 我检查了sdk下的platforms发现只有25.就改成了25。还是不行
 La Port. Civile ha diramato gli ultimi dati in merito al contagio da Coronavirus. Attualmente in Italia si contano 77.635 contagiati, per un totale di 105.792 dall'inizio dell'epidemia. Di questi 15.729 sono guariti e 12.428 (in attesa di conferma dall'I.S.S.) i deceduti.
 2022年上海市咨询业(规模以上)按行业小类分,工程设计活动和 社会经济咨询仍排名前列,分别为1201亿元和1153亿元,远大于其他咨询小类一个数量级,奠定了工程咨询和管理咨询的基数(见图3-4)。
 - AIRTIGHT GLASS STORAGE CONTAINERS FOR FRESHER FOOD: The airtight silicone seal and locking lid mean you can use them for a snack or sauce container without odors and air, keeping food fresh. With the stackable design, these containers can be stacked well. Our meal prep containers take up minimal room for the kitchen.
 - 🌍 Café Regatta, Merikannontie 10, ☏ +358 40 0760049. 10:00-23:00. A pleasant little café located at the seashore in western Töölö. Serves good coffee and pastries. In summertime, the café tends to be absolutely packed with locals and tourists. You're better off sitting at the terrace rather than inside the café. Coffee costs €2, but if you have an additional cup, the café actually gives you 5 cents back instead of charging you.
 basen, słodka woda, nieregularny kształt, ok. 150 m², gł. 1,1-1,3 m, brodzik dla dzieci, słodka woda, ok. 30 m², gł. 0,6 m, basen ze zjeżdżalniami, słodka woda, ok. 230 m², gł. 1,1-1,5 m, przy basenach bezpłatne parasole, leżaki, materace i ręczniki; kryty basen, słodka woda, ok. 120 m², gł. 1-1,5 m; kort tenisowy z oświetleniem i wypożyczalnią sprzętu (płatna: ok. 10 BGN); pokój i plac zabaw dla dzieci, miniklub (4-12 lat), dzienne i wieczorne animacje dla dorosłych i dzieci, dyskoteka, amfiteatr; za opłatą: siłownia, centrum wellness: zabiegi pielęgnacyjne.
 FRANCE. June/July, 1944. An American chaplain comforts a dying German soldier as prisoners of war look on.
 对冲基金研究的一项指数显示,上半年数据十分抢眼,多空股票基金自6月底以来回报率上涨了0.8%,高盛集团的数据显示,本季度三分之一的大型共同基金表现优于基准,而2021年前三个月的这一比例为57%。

****************

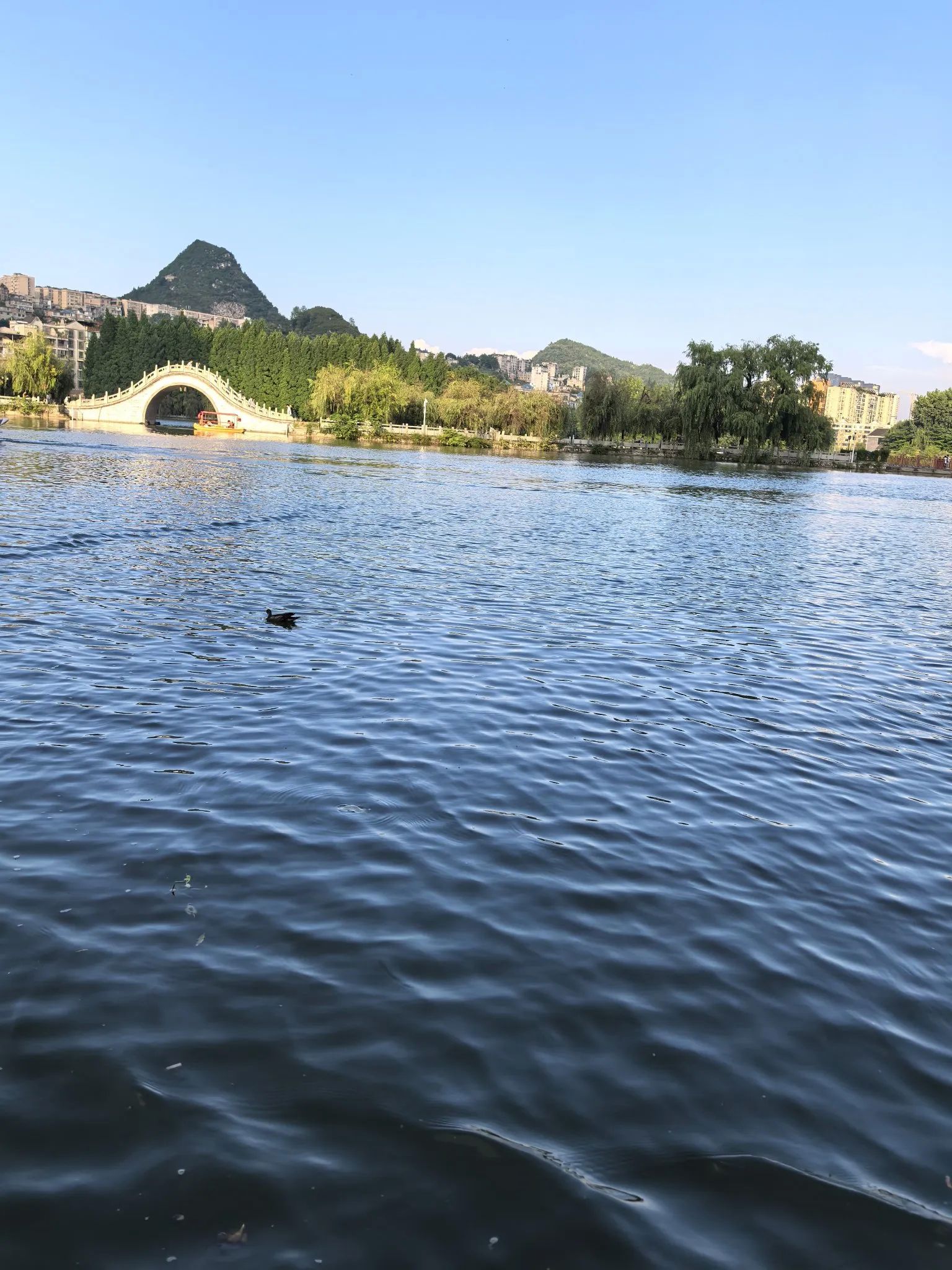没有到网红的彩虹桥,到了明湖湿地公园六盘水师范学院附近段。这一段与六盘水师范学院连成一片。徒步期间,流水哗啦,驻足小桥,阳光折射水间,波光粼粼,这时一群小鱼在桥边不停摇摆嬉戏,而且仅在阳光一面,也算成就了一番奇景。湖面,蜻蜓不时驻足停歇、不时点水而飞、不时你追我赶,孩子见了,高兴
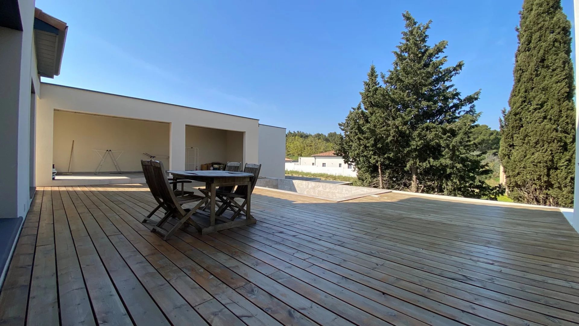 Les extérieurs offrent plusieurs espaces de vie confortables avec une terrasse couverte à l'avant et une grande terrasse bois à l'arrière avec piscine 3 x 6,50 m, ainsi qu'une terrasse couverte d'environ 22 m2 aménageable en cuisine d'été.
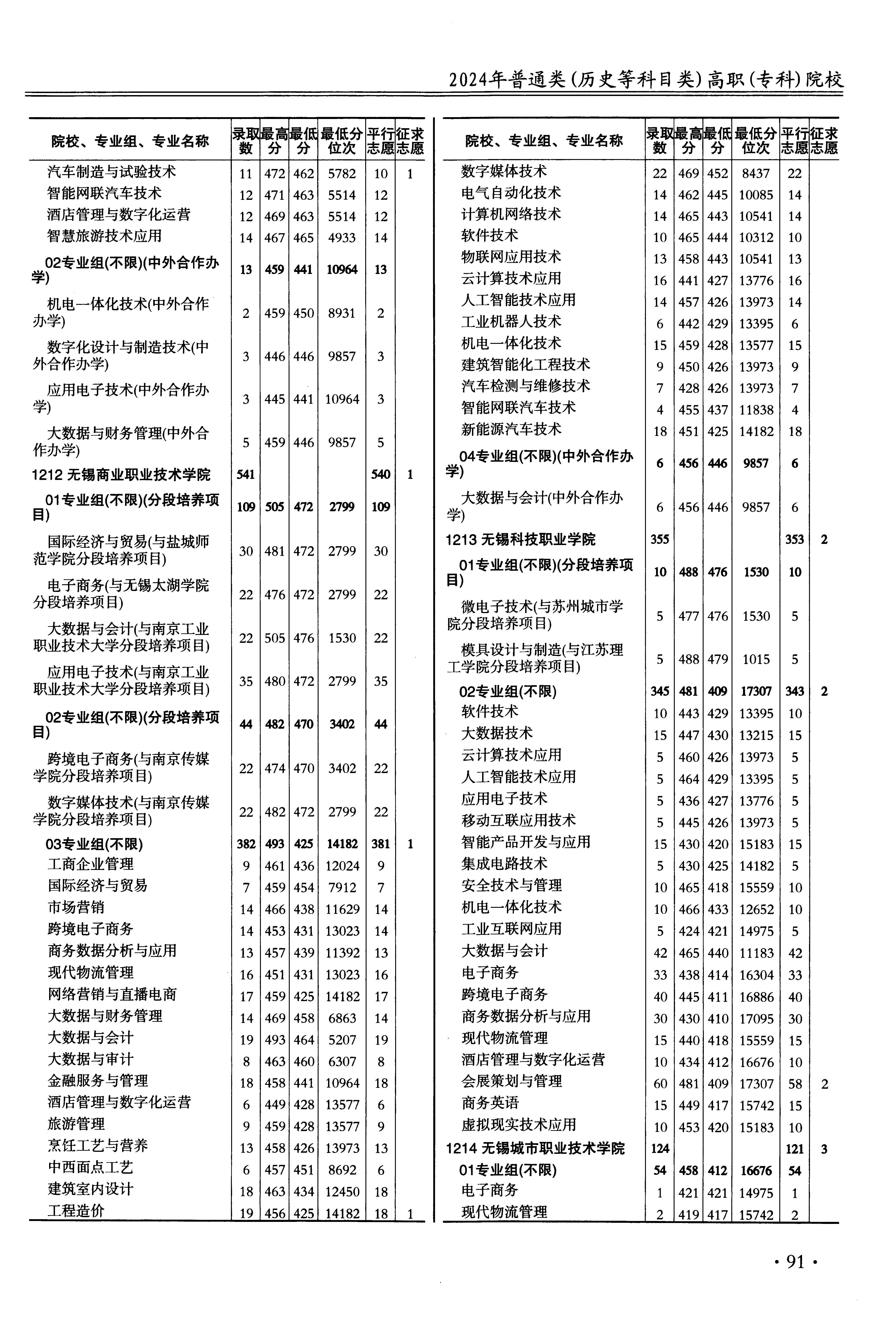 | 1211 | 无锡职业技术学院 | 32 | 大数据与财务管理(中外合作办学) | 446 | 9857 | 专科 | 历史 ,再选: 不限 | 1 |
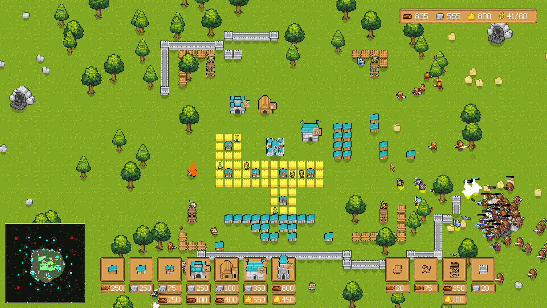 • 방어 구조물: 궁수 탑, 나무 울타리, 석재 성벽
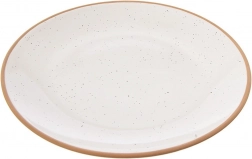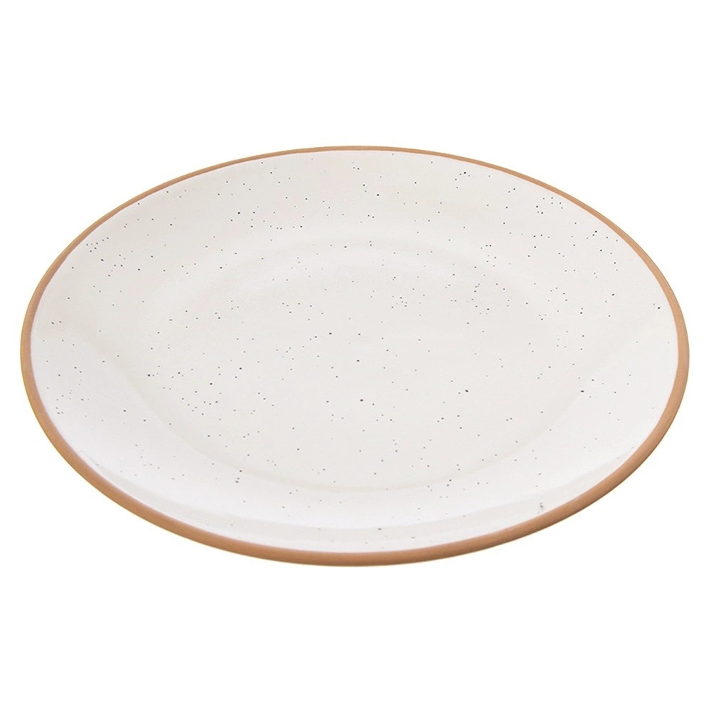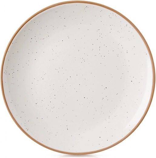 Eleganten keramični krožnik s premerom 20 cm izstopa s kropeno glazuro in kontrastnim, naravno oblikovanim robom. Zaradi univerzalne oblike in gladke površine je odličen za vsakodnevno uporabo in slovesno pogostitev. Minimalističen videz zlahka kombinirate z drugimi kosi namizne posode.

****************

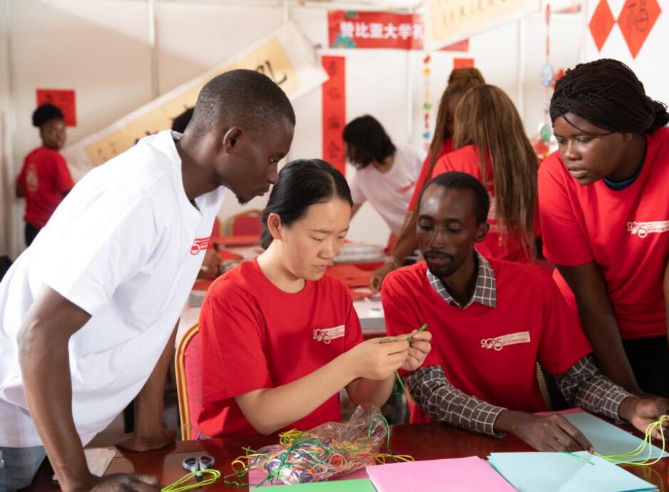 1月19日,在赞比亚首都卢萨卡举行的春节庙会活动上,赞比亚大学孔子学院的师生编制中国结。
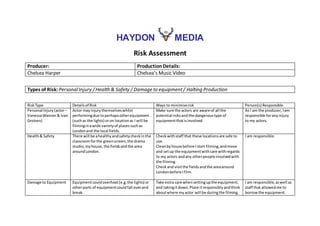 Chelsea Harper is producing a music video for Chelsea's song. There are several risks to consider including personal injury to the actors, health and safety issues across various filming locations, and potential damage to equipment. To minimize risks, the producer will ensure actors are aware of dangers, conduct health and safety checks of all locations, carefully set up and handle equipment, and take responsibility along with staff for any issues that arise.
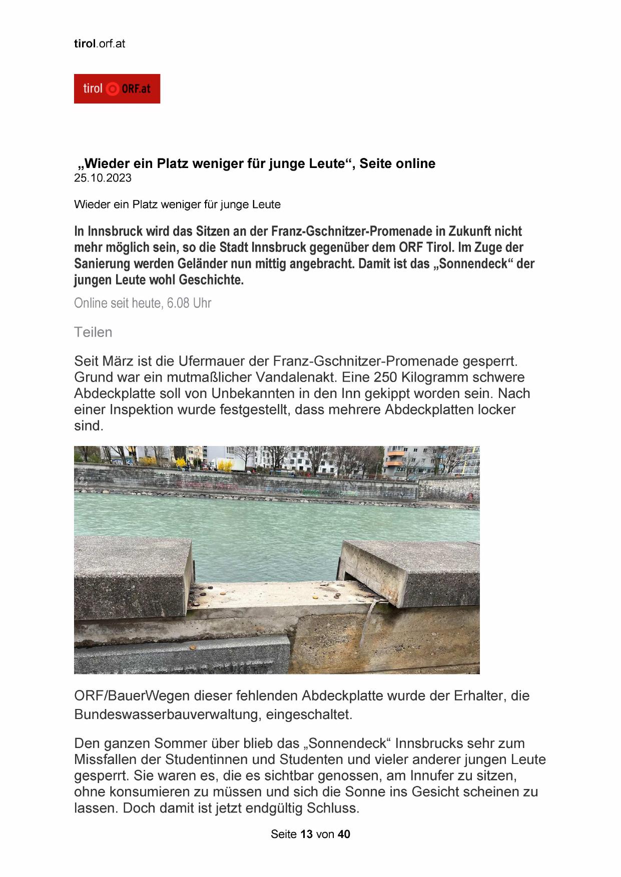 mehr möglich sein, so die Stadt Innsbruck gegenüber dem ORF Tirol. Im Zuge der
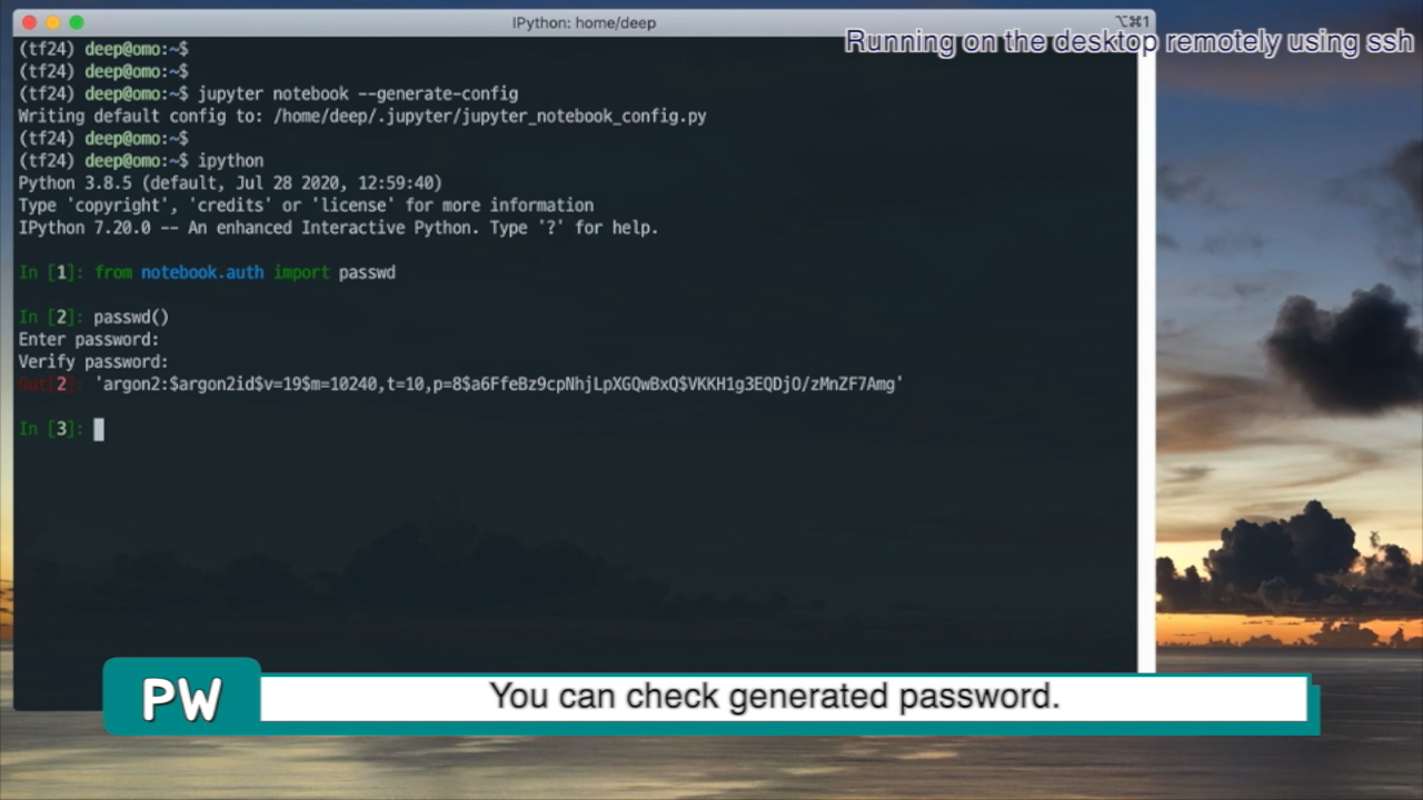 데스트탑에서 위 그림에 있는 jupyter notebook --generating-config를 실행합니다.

****************

» **Your objective**
Print, exactly and with no pictures, the lines of the listing above starting at the one that has "历史 ,再选: 不限 | 1 |" and ending at the one that has "Eleganten keramični krožnik", both included.

» **Reply to the task**
 | 1211 | 无锡职业技术学院 | 32 | 大数据与财务管理(中外合作办学) | 446 | 9857 | 专科 | 历史 ,再选: 不限 | 1 |
 • 방어 구조물: 궁수 탑, 나무 울타리, 석재 성벽
 Eleganten keramični krožnik s premerom 20 cm izstopa s kropeno glazuro in kontrastnim, naravno oblikovanim robom. Zaradi univerzalne oblike in gladke površine je odličen za vsakodnevno uporabo in slovesno pogostitev. Minimalističen videz zlahka kombinirate z drugimi kosi namizne posode.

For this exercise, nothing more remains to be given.